10 correct recombinant plasmids were selected and sent to Sangon Biotech Co., Ltd for sequencing. Analysis of DNA sequence and amino acid sequence through CmSuite8 software and VBASE2 database, and sequence alignment through ClustaIW and IGBLAST. The results of DNA sequencing showed that 10 single-chain antibodies were complete and constructed correctly. Figures S1 and S2 show the results of one of the scfv genes (sequence number 2) DNA, amino acid sequence analysis and IGBLAST analysis. The total length of the scfv gene was 732 bp and encoded 244 amino acids. The VH gene is 357 bp length and encodes 119 amino acids, the VL gene is 330 bp length and encodes 110 amino acids, the linker gene is 45 bp, and the encoding 15 peptide sequence (Gly4 Ser) 3, coincide with expectations. The results of the VBASE2 database analysis showed that both VH and VL contained four framework regions and three complementary determinant areas (complementarity determining region). IGBLAST results showed that the VH gene was highly homologous to IGHV3-30-3*01 (91.2%), the VL gene is completely homologous with IGLV6-57*02 (100%). The results of ClustaIW showed that the other sequences were obviously different except scfv sequence 6 and sequence 9, as shown in Table 1. The V gene of each sequence was highly homologous to the human IgG V gene, all other scfv sequences have no homology light chain and heavy chain, see Table 2. The results showed that the built scfv library was rich in diversity.

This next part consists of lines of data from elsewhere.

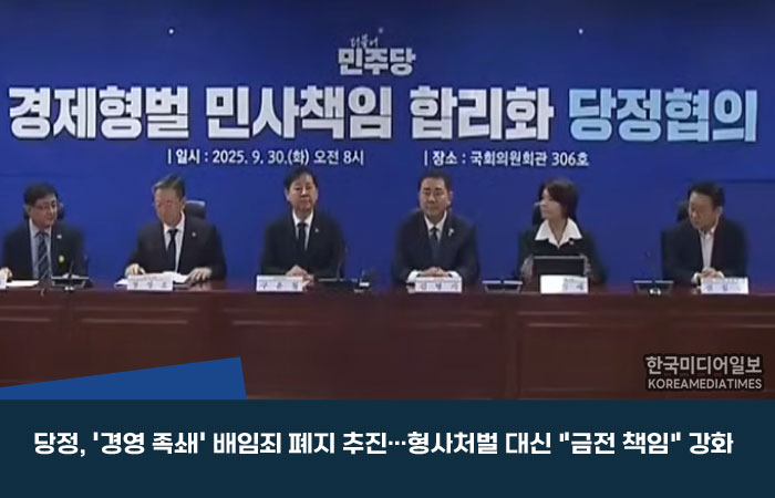 기업의 정상적인 경영 활동을 위축시키는 '족쇄'로 지적받아 온 형법상 배임죄가 폐지 수순을 밟는다. 더불어민주당과 정부는 배임죄의 형사 처벌 조항을 없애는 대신, 민사적 손해배상 등 금전적 책임을 강화하는 방향으로 법 체계를 전면 개편하기로 합의했다.더불어민주-정부 '경제형벌 민사책임 .. 김희원 기자 | 09-30 09:29 |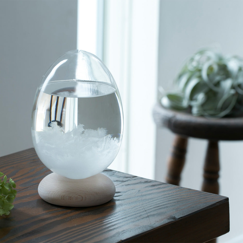 Storm glasses are weather forecasters that have been used by navigators as early as the 19th century. It is made by sealing camphor (camphor extract) and ethanol in a glass tube, and it was used by observing the crystals that occurred in response to climate change. It is also installed in the Nautilus that appears in Jules Verne's novel, "Twenty Thousand Leagues Under the Sea." With the development of science since then, it has become clear that there are still many mysteries about the crystallization phenomenon, and the details are still under study. Though you may not be able to use it as a predictor in modern times, you can enjoy the appearance of crystals that change day-by-day with our Tempo Drop Series just like the scenery changes with the seasons.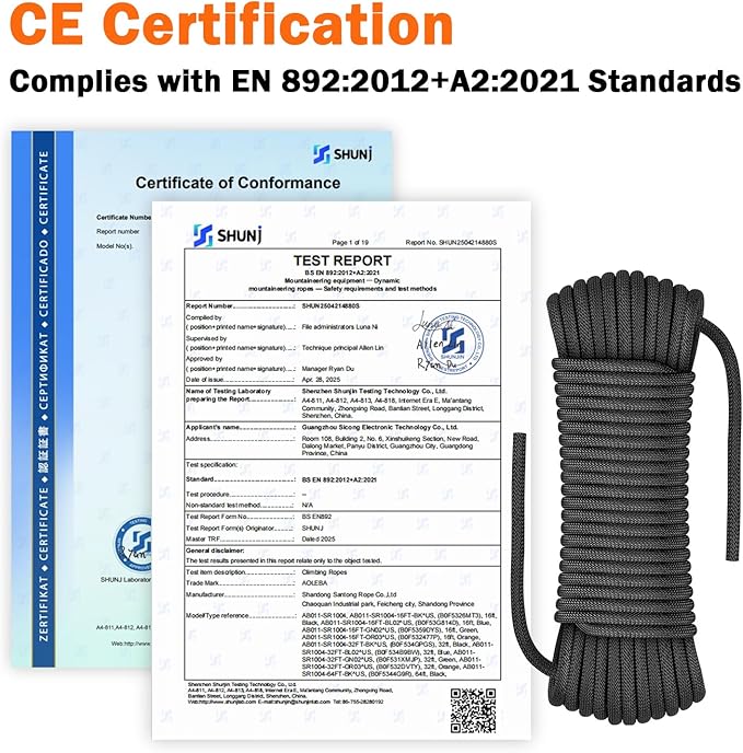 • CE Certified: Our static climbing rope meets the CE Certification of EN 892:2012+A2:2021 Standards (Certificate No. : SHUN2504214880SC), ensuring quality control. UV-Resistant & Abrasion-Proof give the rope a longer service life.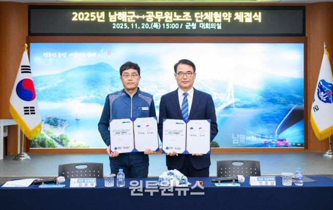 (원투원뉴스) 남해군은 20일 군청 대회의실에서 전국공무원노동조합 경남지역본부 남해군지부와 상생과 협력을 위한 2025년 단체협약을 체결했다고 밝혔다.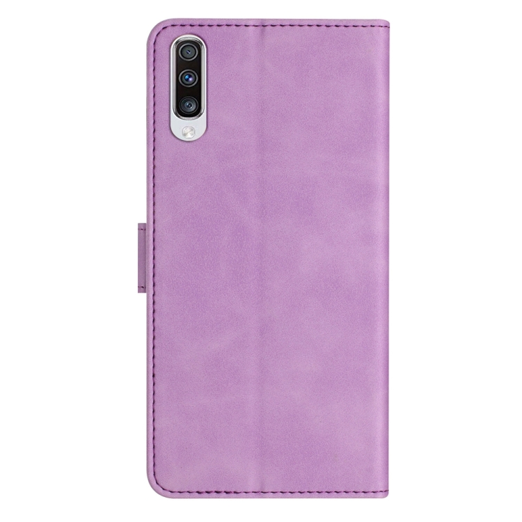 Caja de teléfono de cuero para Samsung Galaxy A50 Seven Butterflies en relieve (Púrpura)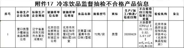2020年奥雪品牌的双黄蛋雪糕抽检不合格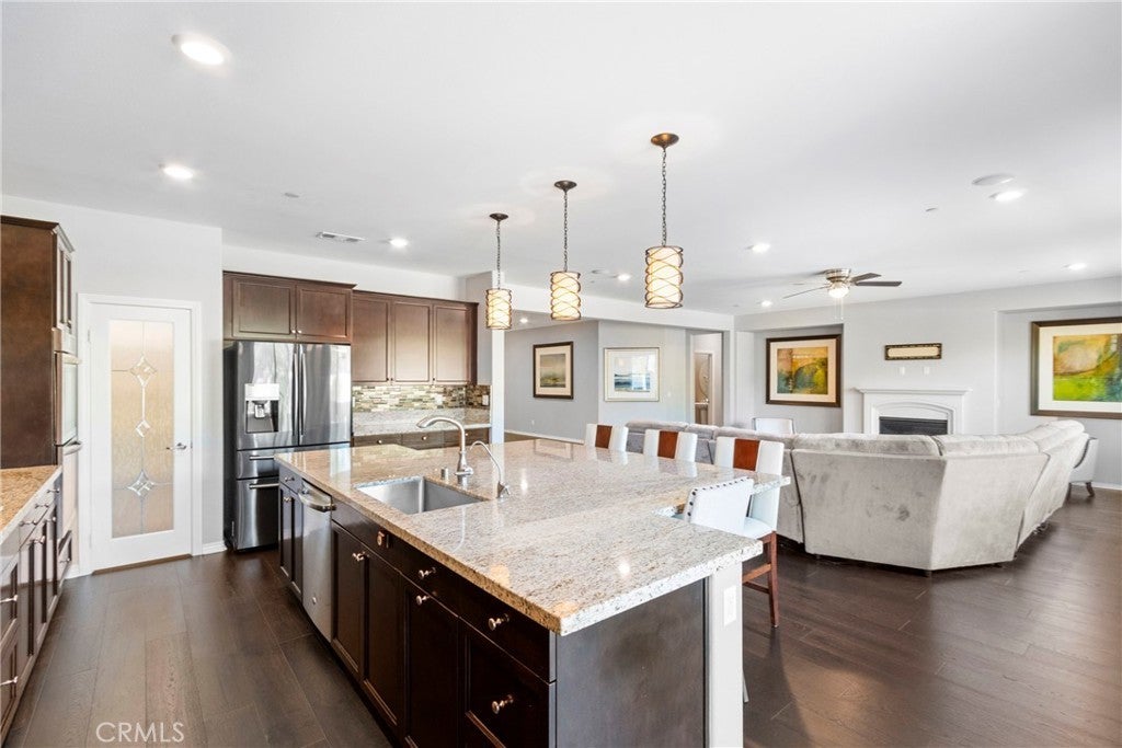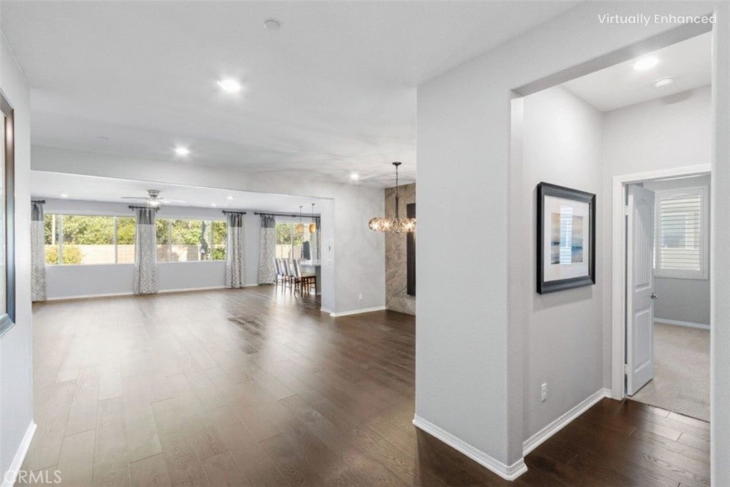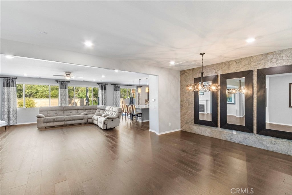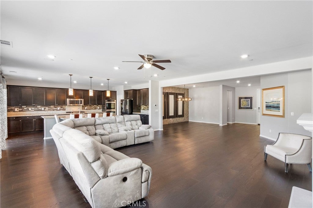 Welcome to this stunning 5-bedroom, 3.5-bathroom single-story home located in the vibrant and growing community of Winchester. Situated in a quiet neighborhood within walking distance to schools, this beautifully upgraded home offers an ideal blend of comfort, modern design, and everyday convenience. Step inside to discover a spacious open-concept floor plan filled with high-end finishes. This former model home showcases hardwood plank flooring, elegant tile, and plush upgraded carpet with premium padding in all bedrooms. Fresh designer paint and custom shutters add a refined touch throughout. The chef-inspired kitchen is a true highlight, featuring rich dark brown shaker cabinets, granite countertops, a large eat-in island with pendant lighting, and an oversized walk-in pantry—perfect for meals and entertaining. Additional features include a versatile den, whole house fan, tankless water heater, and ample closet space throughout. Both front and back yards are designed with low-maintenance in mind and offer outstanding curb appeal—perfect for easy outdoor living. Located in the top-rated Temecula Valley School District and just minutes from shopping, dining, and the world-famous Temecula wineries, this home truly has it all. Don’t miss your chance to own this exceptional, turn-key home in one of Winchester’s most welcoming neighborhoods!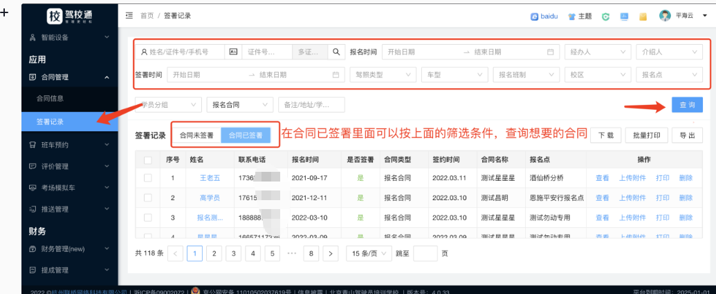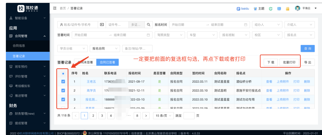 合同已签署界面可以快捷查询到已经签字的学员合同,可以批量下载或者打印。
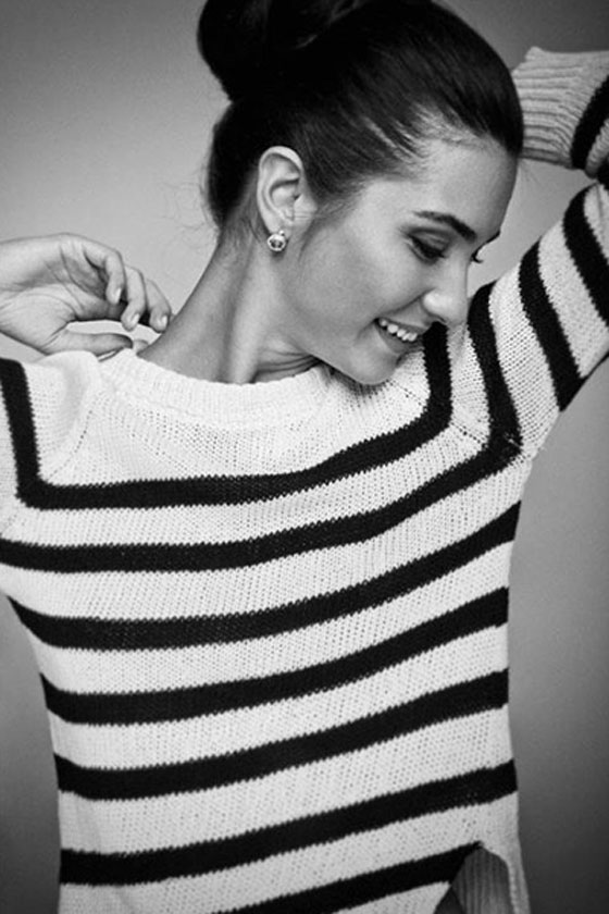 هنا أختارت توبا إطلالة شبابية مميزة بالبلوفر المخطط في إحدى جلسات التصوير

Detection of binding activity of soluble anti-S. pneumoniae scfv by ELISA

A total of 67 clones induced expression of soluble scfv of anti-S. pneumoniae and the empty plasmid transformants as negative control were selected randomly. Whole bacteria of S. pneumoniae was used as the envelope antigen, and the anti-S. pneumoniae scfv was detected in the ELISA method, and the blank control was set up. The detection results of the P/N ratio was more than or equal to 2.1 were considered as positive. As shown in Figure 4(a), except for samples 6, 8, 9, 17, 27, 32, 37, 49, 50, 53, 55, 55, and 55(total of 13, accounting for 19.4%), the rest were positive, indicating that scfv had good binding activity.

(a) ELISA assay of binding activity for scfv. (1) Blank control; (2) negative control (null vector transformant), 3 ~ 69 scfv. (b) ELISA assay of specificity for positive scfv (n = 3).
Figure 4.
(a) ELISA assay of binding activity for scfv. (1) Blank control; (2) negative control (null vector transformant), 3 ~ 69 scfv. (b) ELISA assay of specificity for positive scfv (n = 3).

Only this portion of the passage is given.